Re: [ovirt-devel] [vdsm] strange network test failure on FC23

Monday, 30 November 2015

----- Original Message -----
...
 From: "Michal Skrivanek" <mskrivan(a)redhat.com&gt;
 To: "Nir Soffer" <nsoffer(a)redhat.com&gt;, "Francesco Romani"
<fromani(a)redhat.com&gt;
 Cc: "Yaniv Kaul" <ykaul(a)redhat.com&gt;, "infra"
<infra(a)ovirt.org&gt;, "devel" <devel(a)ovirt.org&gt;
 Sent: Monday, November 30, 2015 9:52:59 AM
 Subject: Re: [ovirt-devel] [vdsm] strange network test failure on FC23

 > On 29 Nov 2015, at 17:34, Nir Soffer <nsoffer(a)redhat.com&gt; wrote:
 > 
 > On Sun, Nov 29, 2015 at 6:01 PM, Yaniv Kaul <ykaul(a)redhat.com&gt; wrote:
 > > On Sun, Nov 29, 2015 at 5:37 PM, Nir Soffer <nsoffer(a)redhat.com&gt; wrote:
 > >>
 > >> On Sun, Nov 29, 2015 at 10:37 AM, Yaniv Kaul <ykaul(a)redhat.com&gt;
wrote:
 > >> >
 > >> > On Fri, Nov 27, 2015 at 6:55 PM, Francesco Romani
<fromani(a)redhat.com&gt;
 > >> > wrote:
 > >> >>
 > >> >> Using taskset, the ip command now takes a little longer to
complete.

 I fail to find the original reference for this.
 Why does it take longer? is it purely the additional taskset executable
 invocation?

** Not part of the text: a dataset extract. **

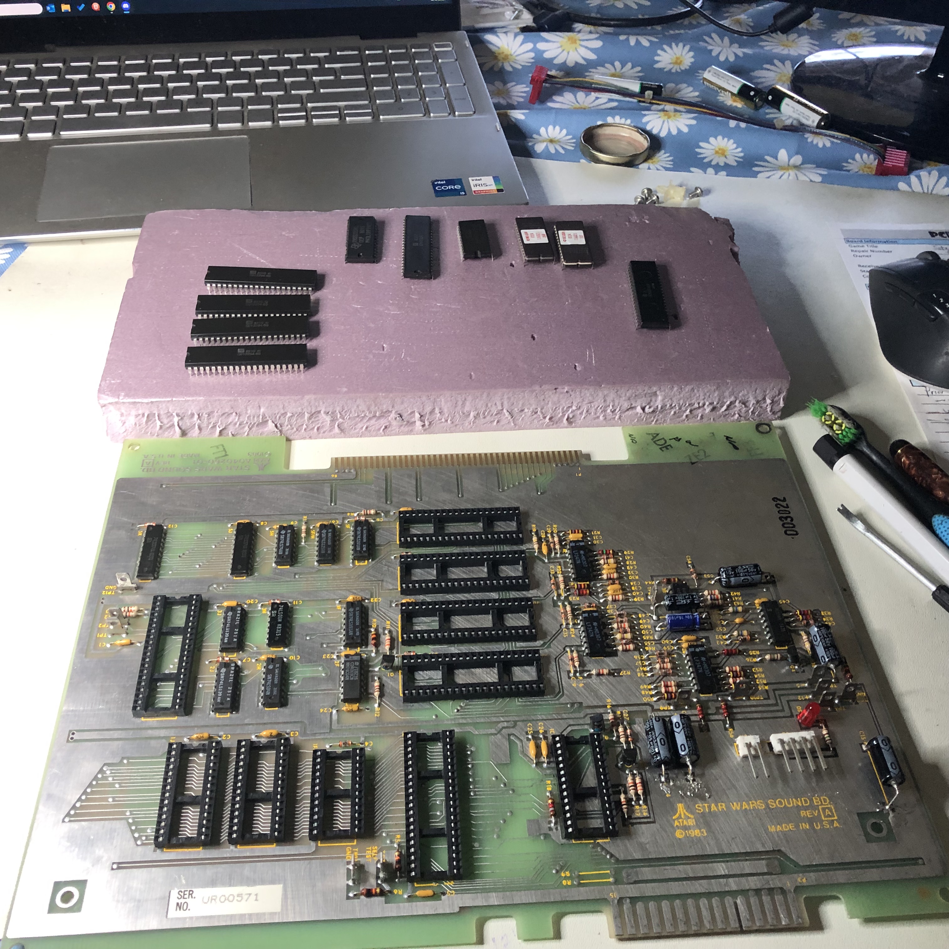 However – I decided to do a quick test in my cabinet and then found the sound was messed up.. Jumped the gun.. Back on the bench the sound board would reboot and fail for 30-60 seconds. A reset or toggle to diag and back would generally clear it.. This means a chip has a thermal failure. I’d swapped out the socketed chips with my reference board and there were no changes. Sound board was resetting.. During this I had pulled one of the ROMs and then reseated it (a couple times) and found the resetting became a lot less random and got consistent in it’s duration.

On busy system we do have these issues all the time, with lvm,
 etc…so I don’t think it’s significant 
Yep, that's only the overhead of taskset executable.

...
 > >> > Since we always use the same set of CPUs, I assume
using a mask (for 0
 > >> > &
 > >> > 1,
 > >> > just use 0x3, as the man suggests) might be a tiny of a fraction
 > >> > faster
 > >> > to
 > >> > execute taskset with, instead of the need to translate the numeric
CPU
 > >> > list.
 > >>
 > >> Creating the string "0-<last cpu index>" is one line in
vdsm. The code
 > >> handling this in
 > >> taskset is written in C, so the parsing time is practically zero. Even
 > >> if it was non-zero,
 > >> this code run once when we run a child process, so the cost is
 > >> insignificant.
 > >
 > >
 > > I think it's easier to just to have it as a mask in a config item
 > > somewhere,
 > > without need to create it or parse it anywhere.
 > > For us and for the user.
 > 
 > We have this option in /etc/vdsm/vdsm.conf:
 > 
 >     # Comma separated whitelist of CPU cores on which VDSM is allowed to
 >     # run. The default is "", meaning VDSM can be scheduled by  the OS to
 >     # run on any core. Valid examples: "1", "0,1",
"0,2,3"
 >     # cpu_affinity = 1
 > 
 > I think this is the easiest option for users.

 +1 
+1, modulo the changes we need to fix https://bugzilla.redhat.com/show_bug.cgi?id=1286462
(patch is coming)

...
 > > I assume those are cores, which probably in a multi-socket
will be in the
 > > first socket only.
 > > There's a good chance that the FC and or network/cards will also bind
 > > their
 > > interrupts to core0 & core 1 (check /proc/interrupts) on the same socket.
 > > From my poor laptop (1s, 4c): 
Yes, especially core0 (since 0 is nice defaults). This was the rationale behind
the choice of cpu #1 in the first place.

...
 > It seems that our default (CPU1) is fine.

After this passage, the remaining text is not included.